Versöhnung bedingt die Bereitschaft, die Beziehung zum Gegenüber an die erste Stelle zu rücken und dabei das Bedürfnis nach Gerechtigkeit oder die eigene Ehre zurückzustellen. Sie bedingt die Bereitschaft zum Vergeben und jeden annähernden Schritt des anderen zu würdigen – auch dann, wenn wir eigentlich mehr erwarten. Oft ist Versöhnung die Sache einer Entscheidung, manchmal auch die Bereitschaft, sich auf einen Weg der Versöhnung und Wiederherstellung zu begeben.
Versöhnung leben
Bei schweren Vergehen braucht es ernsthafte Aussprachen und manchmal einen gründlichen Versöhnungsprozess. Doch auch im alltäglichen Leben braucht es die kleinen, versöhnenden Handlungen, welche Beziehungen herstellen und grössere Konflikte gar nicht erst aufkommen lassen. Nehmen wir das Beispiel einer Sitzung, bei welcher heftig diskutiert wird und auch mal Emotionen hochkommen. Die Art, wie sich die Personen dann voneinander verabschieden, kann entweder das Gefühl einer intakten Beziehung zurücklassen, oder auch einer fortwährenden zwischenmenschlichen Spannung.
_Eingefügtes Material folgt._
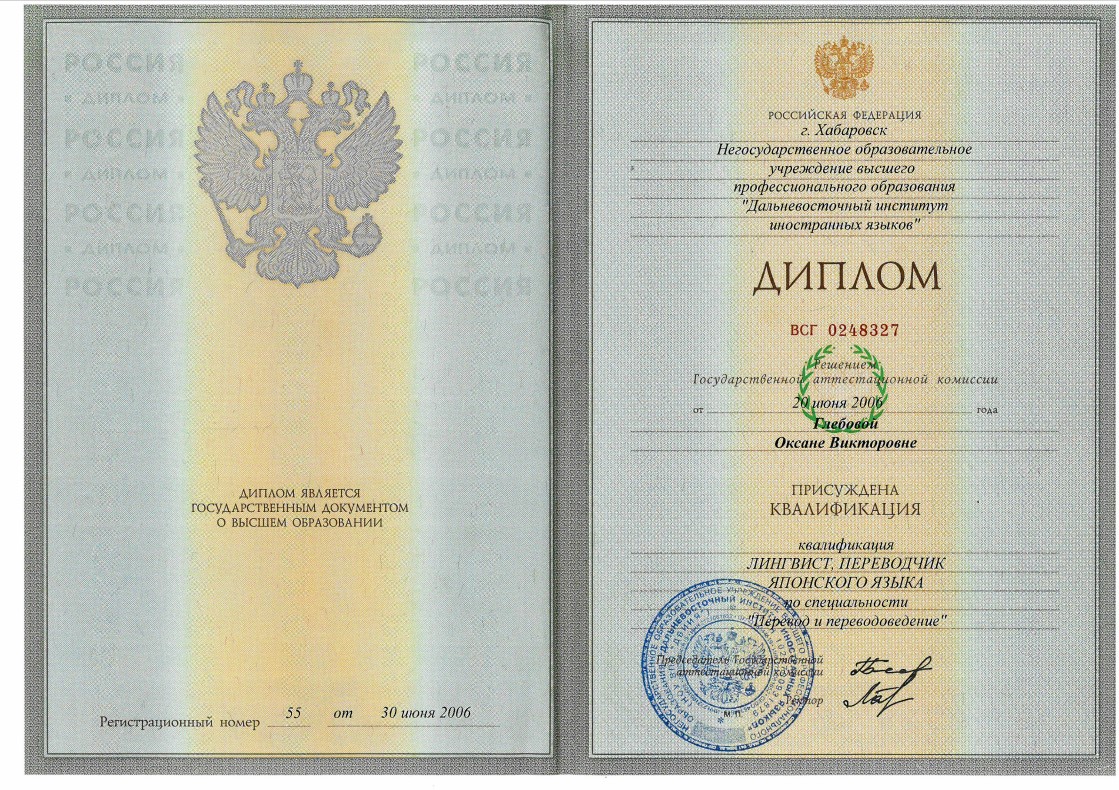 Первое - лингвист, переводчик японского языкаВторое - психолог- психоаналитик ВЕИП (Восточно Европейский Институт психоанализа Санкт-Петербург)

Manchmal enttäuschen wir unsere Mitmenschen und werden von ihnen enttäuscht. Da braucht es oftmals keine grosse Sache, um die Beziehung ins Lot zu bringen. Ein freundliches, wertschätzendes Wort kann eine heilende Wirkung haben und ist meistens hilfreicher als lange Gespräche darüber, wer wem was schuldig geworden ist. Bei tieferen Verletzungen und folgereichen Vergehen braucht es allerdings Aussprachen. Ideal ist natürlich, wenn Täter ihre Fehler bekennen und um Verzeihung bitten. Manchmal müssen Personen auf ihr falsches Verhalten aufmerksam gemacht werden. Egal, welcher Weg gewählt wird: Letztlich muss es immer darum gehen, Beziehungen zu schützen und wiederherzustellen.
Am Ende unseres Lebens wird nichts eine so grosse Bedeutung haben wie unsere Beziehungen. Mit Gott und Menschen versöhnt zu sein, ist das höchste Gut! Und es gibt keine höhere Berufung, als Frauen und Männer der Versöhnung zu sein – Menschen, welche versöhnt leben, Versöhnung feiern und Versöhnung in die Welt hinaustragen.